Extracted records:
+---+
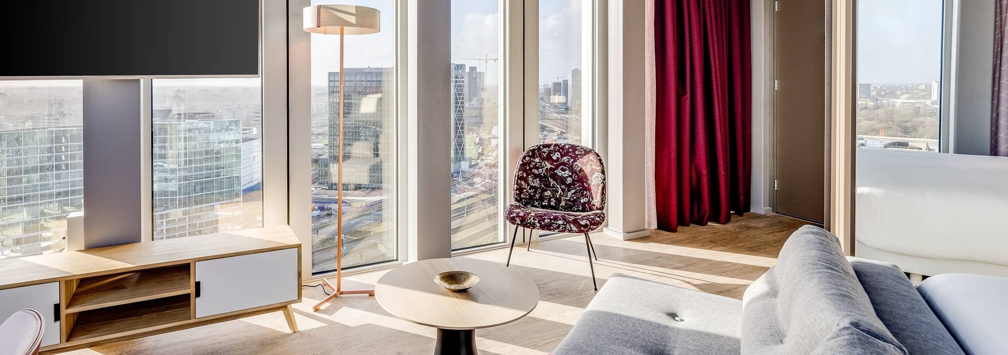 Suba o nível da sua estadia nos nossos quartos nhow premium com vista. Situados nos pisos mais altos, proporcionam vistas extraordinárias de Amesterdão. De 27,5 a 32 m², não falta o espaço para descontrair-se e aproveitar a luz natural, graças às janelas de cima a baixo. Quer opte por camas twin ou Queen, o quarto foi pensado para garantir-lhe o refúgio perfeito. Poderá repor energias, relaxar ou admirar a cidade bem lá de cima.
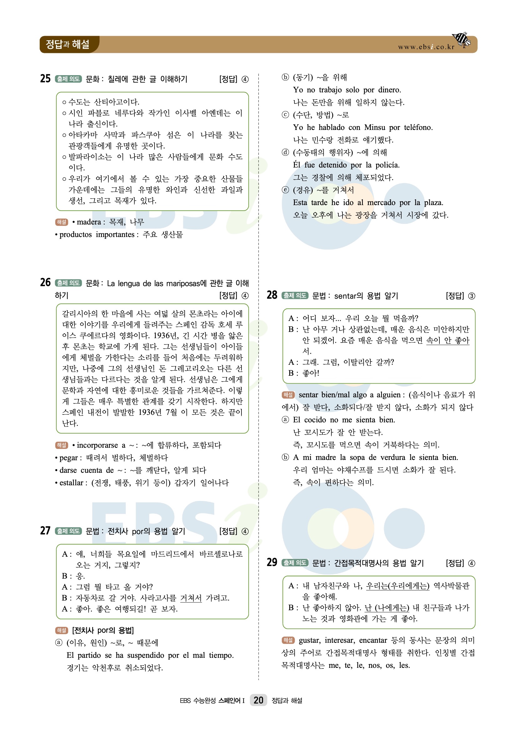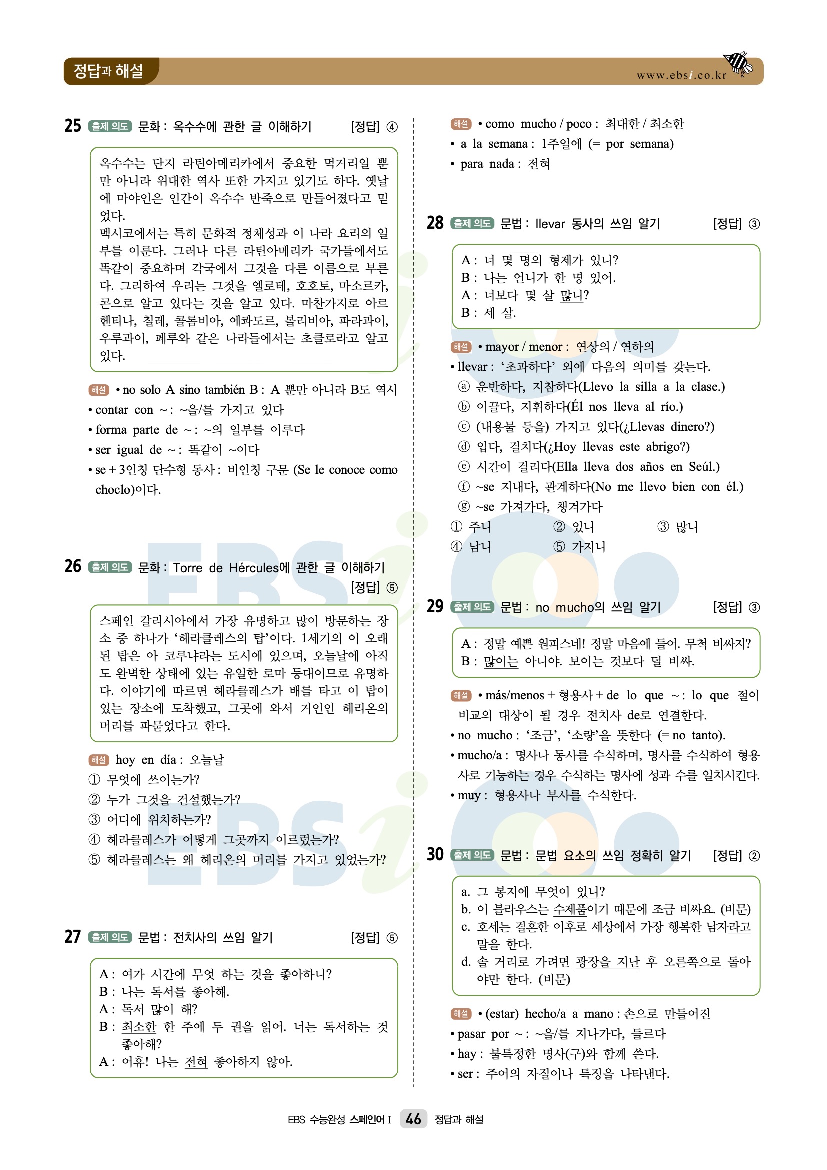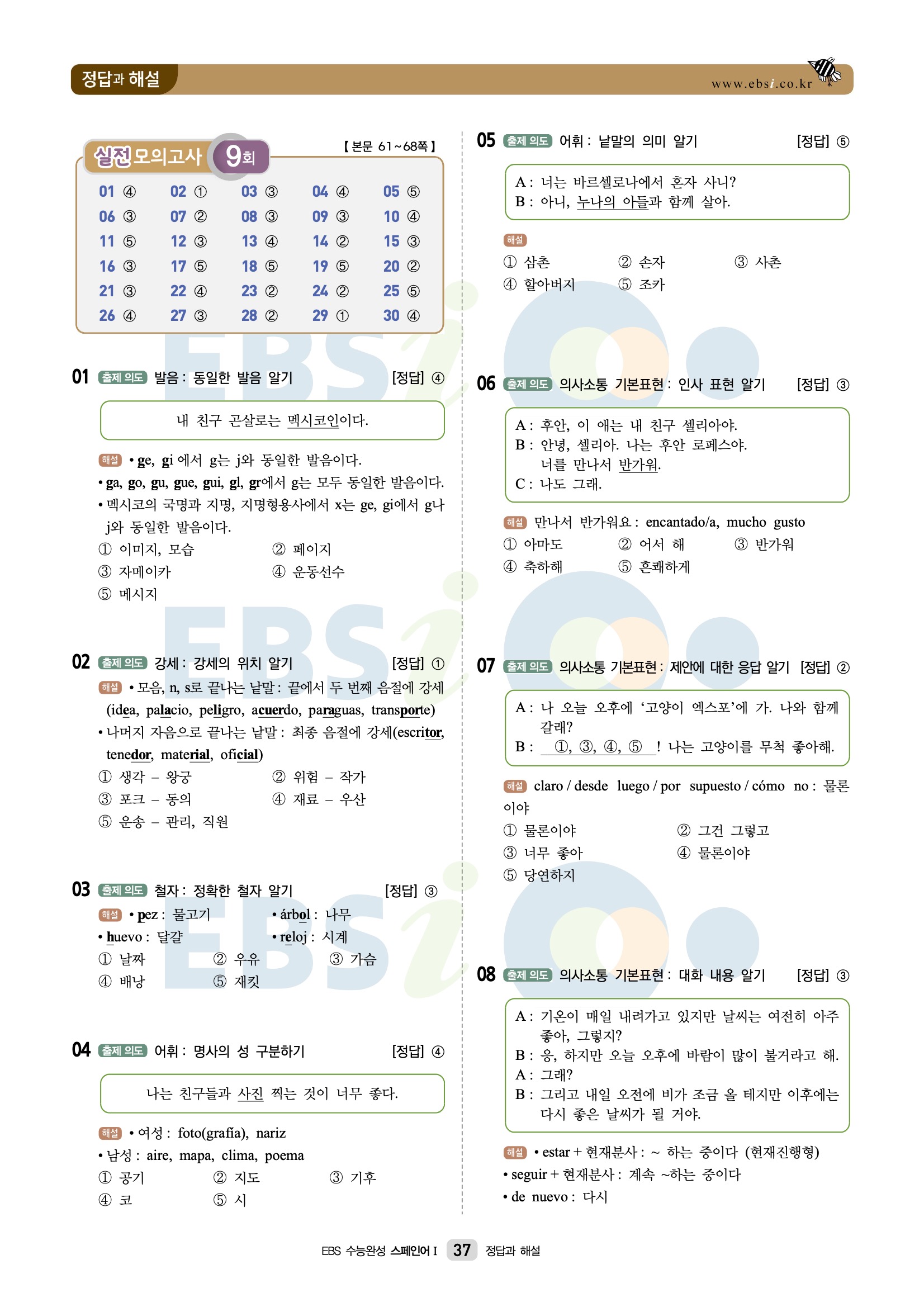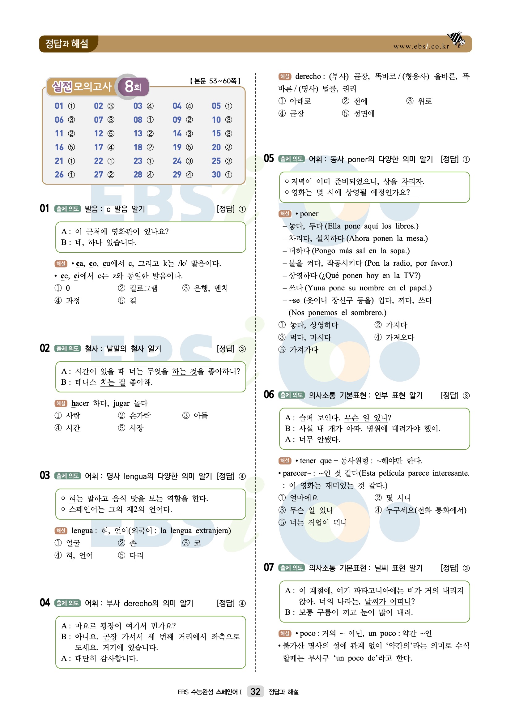 스페인어1을 효과적으로 학습하고, 수능 대비를 철저히 하고자 하는 학생들을 위해 2026 수능특강 스페인어1의 답지와 해설을 제공합니다.
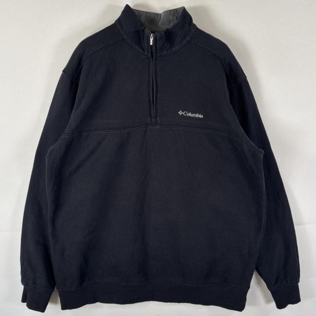 古着 コロンビア Columbia スウェット ハーフジップ トレーナー プルオーバー ワンポイントロゴ刺繍 L ブラック メンズ
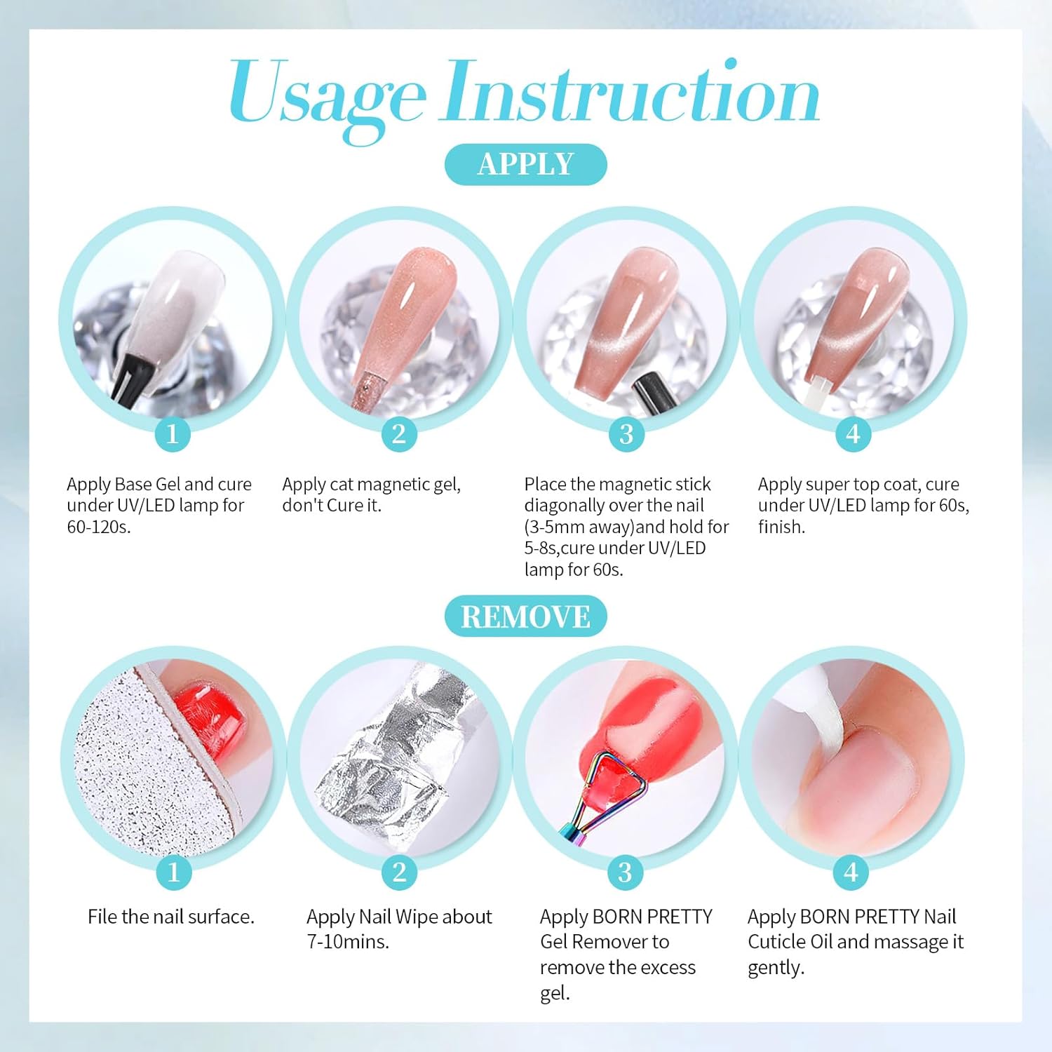 BORN PRETTY Blue Cat Magnetic Eye Gel Nail Polish, Rainbow Holographic Moonlight Glass Magnetic Gel Nail Polish 15ML
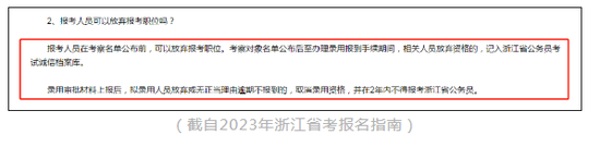 再比如2023年浙江省考報名指南中直接明確,考察名單公布前可以放棄。名單公布后放棄,會記入誠信檔案。確定錄用后放棄或無正當理由逾期不報到的,2年內不能再報考浙江省考。
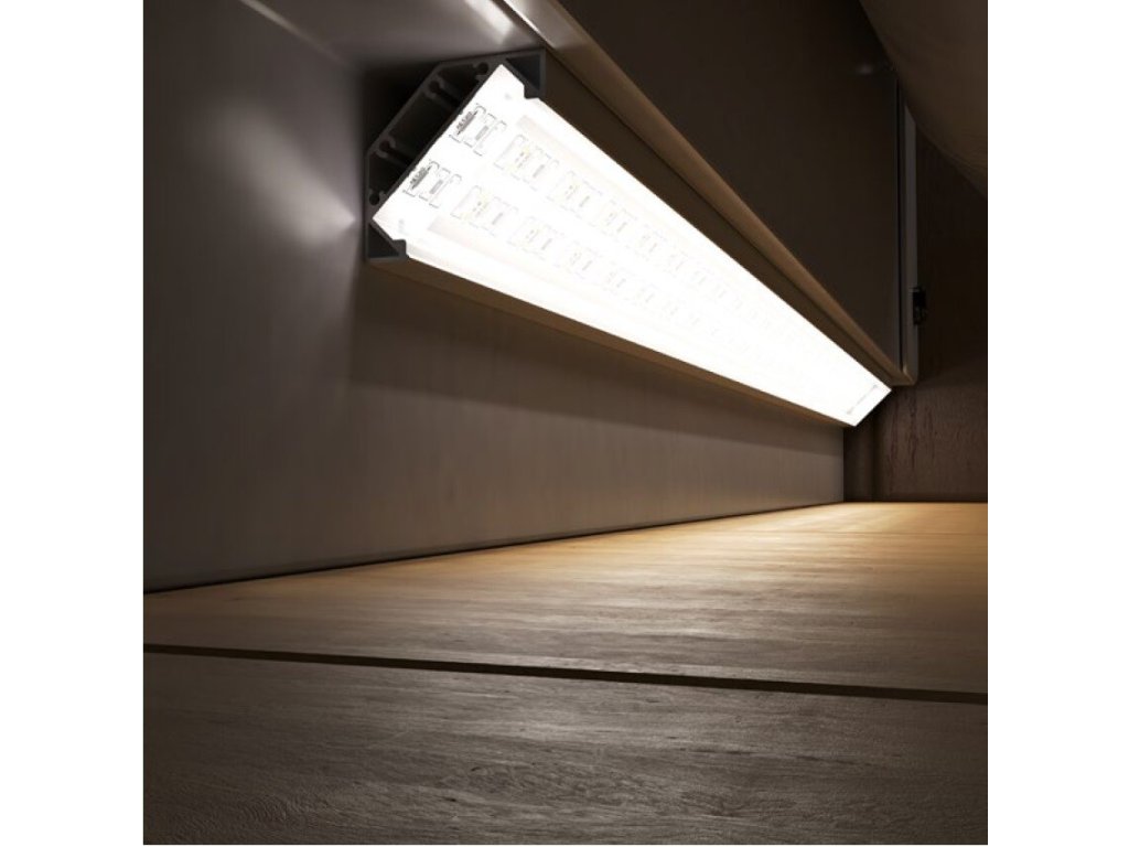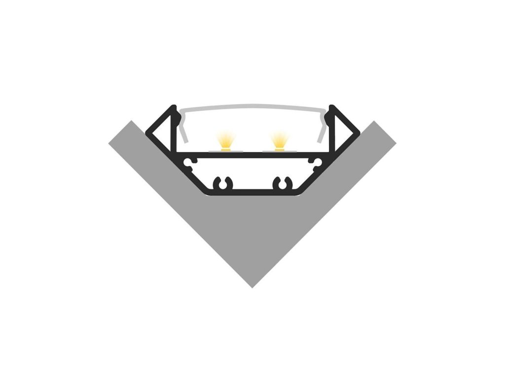 Výhoda tohoto profilu je možnost nacvaknutí plastové krytky (difusoru) přímo z čelní strany profilu. Difusory jsou vyrobeny z kvalitního UV odolného polykarbonátu, který postupem času nežloutne, je měkčený a nepraská.
+---+
# TASK TO CARRY OUT:
Exactly as they appear, repeat the lines from the one containing "再比如2023年浙江省考報名" through the last line of the entries, counting both ends. Pictures stay out.

# SOLUTION TO THIS PROBLEM:
 再比如2023年浙江省考報名指南中直接明確,考察名單公布前可以放棄。名單公布后放棄,會記入誠信檔案。確定錄用后放棄或無正當理由逾期不報到的,2年內不能再報考浙江省考。
 Výhoda tohoto profilu je možnost nacvaknutí plastové krytky (difusoru) přímo z čelní strany profilu. Difusory jsou vyrobeny z kvalitního UV odolného polykarbonátu, který postupem času nežloutne, je měkčený a nepraská.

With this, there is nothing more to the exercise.